__HOW TO COMPLETE THIS TASK__
Your job is to give again, exactly and with no additions, the lines in the records below from the one with "1,004 km Ridden$585 Raised2019" through the one with "寶雞市污泥中重金屬潛在生態(tài)危害", both included. Omit the pictures.

__THE DATA__

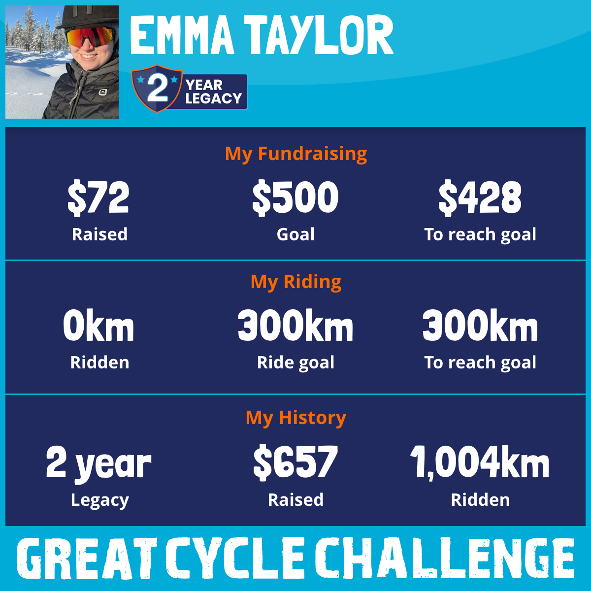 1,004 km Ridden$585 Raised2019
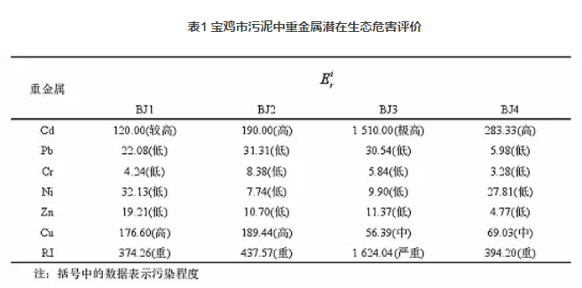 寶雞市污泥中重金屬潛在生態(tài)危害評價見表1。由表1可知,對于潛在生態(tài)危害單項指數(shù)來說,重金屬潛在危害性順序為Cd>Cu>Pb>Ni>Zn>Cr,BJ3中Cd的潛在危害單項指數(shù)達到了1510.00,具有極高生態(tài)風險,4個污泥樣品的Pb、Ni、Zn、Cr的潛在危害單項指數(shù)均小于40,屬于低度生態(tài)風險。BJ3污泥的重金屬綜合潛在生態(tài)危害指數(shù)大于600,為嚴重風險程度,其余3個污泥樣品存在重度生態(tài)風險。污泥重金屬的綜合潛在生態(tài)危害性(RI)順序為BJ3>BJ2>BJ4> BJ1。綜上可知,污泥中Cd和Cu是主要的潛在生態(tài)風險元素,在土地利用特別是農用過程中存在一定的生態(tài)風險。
---
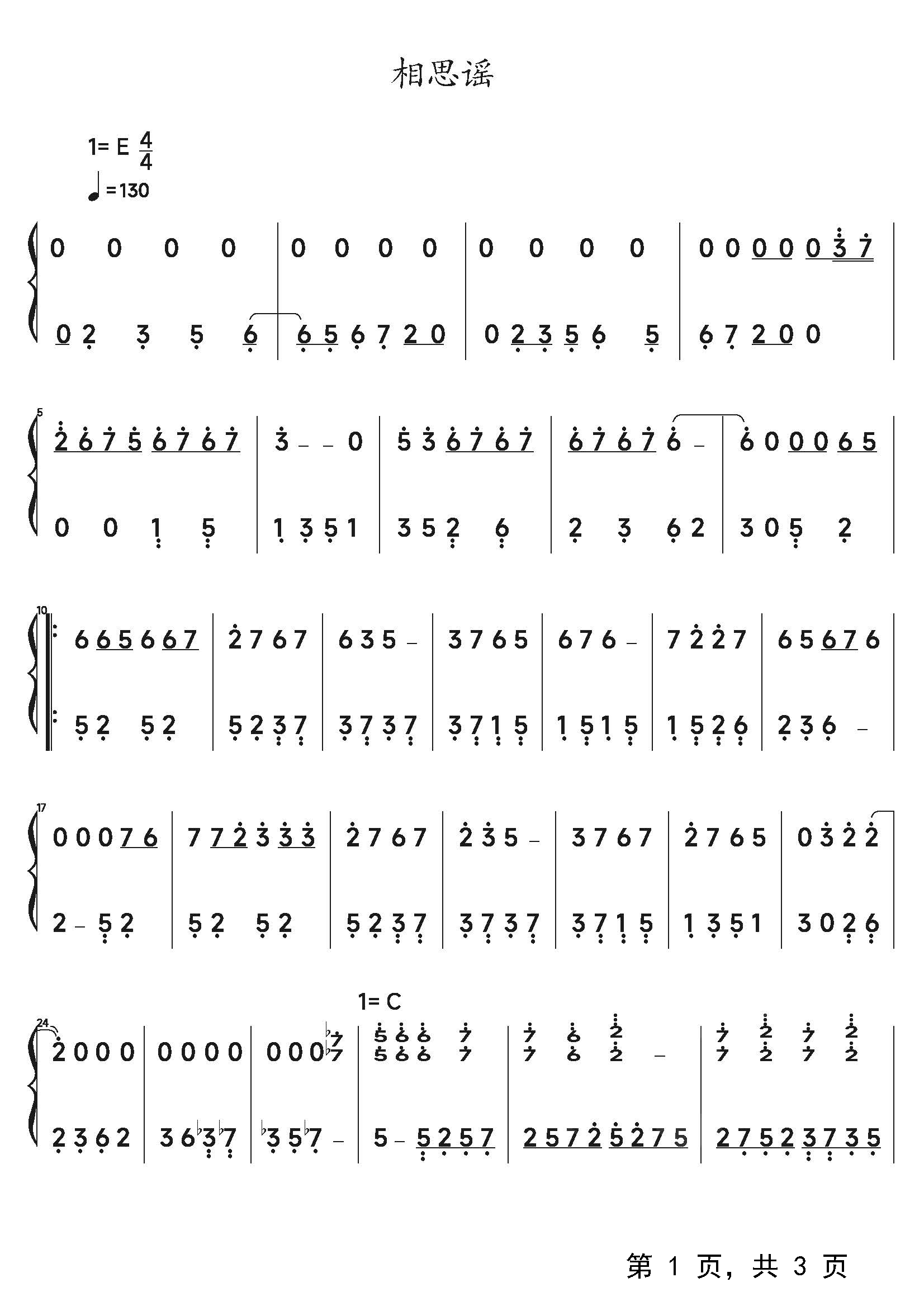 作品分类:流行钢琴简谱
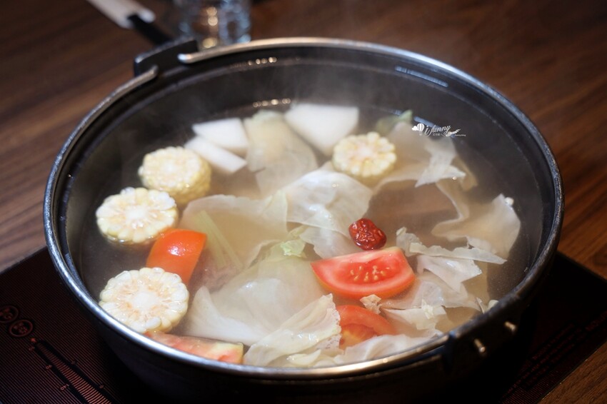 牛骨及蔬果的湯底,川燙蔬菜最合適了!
---
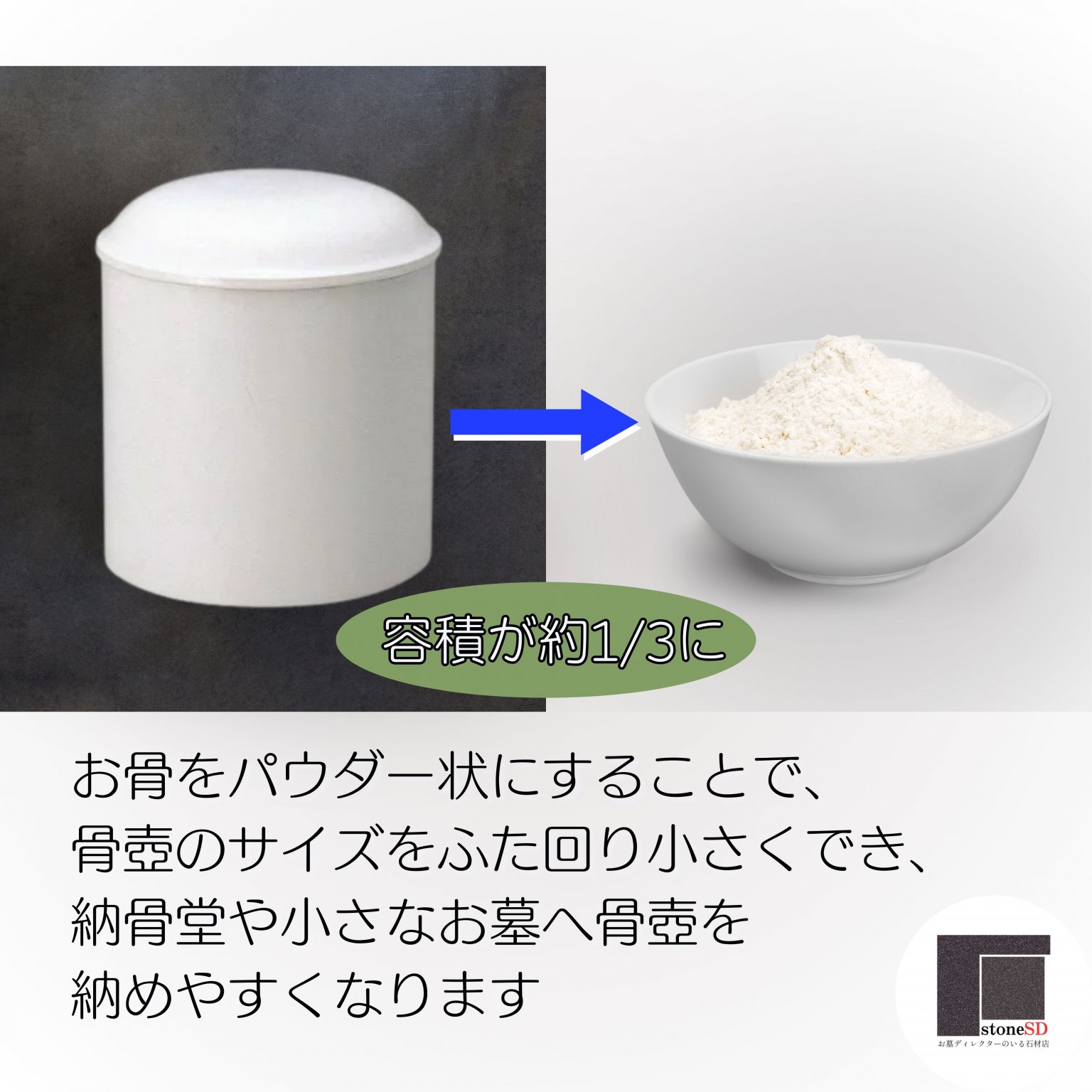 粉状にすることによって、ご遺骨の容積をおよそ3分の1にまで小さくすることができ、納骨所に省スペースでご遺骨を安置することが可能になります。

__WRITTEN REPLY__
 1,004 km Ridden$585 Raised2019
 寶雞市污泥中重金屬潛在生態(tài)危害評價見表1。由表1可知,對于潛在生態(tài)危害單項指數(shù)來說,重金屬潛在危害性順序為Cd>Cu>Pb>Ni>Zn>Cr,BJ3中Cd的潛在危害單項指數(shù)達到了1510.00,具有極高生態(tài)風險,4個污泥樣品的Pb、Ni、Zn、Cr的潛在危害單項指數(shù)均小于40,屬于低度生態(tài)風險。BJ3污泥的重金屬綜合潛在生態(tài)危害指數(shù)大于600,為嚴重風險程度,其余3個污泥樣品存在重度生態(tài)風險。污泥重金屬的綜合潛在生態(tài)危害性(RI)順序為BJ3>BJ2>BJ4> BJ1。綜上可知,污泥中Cd和Cu是主要的潛在生態(tài)風險元素,在土地利用特別是農用過程中存在一定的生態(tài)風險。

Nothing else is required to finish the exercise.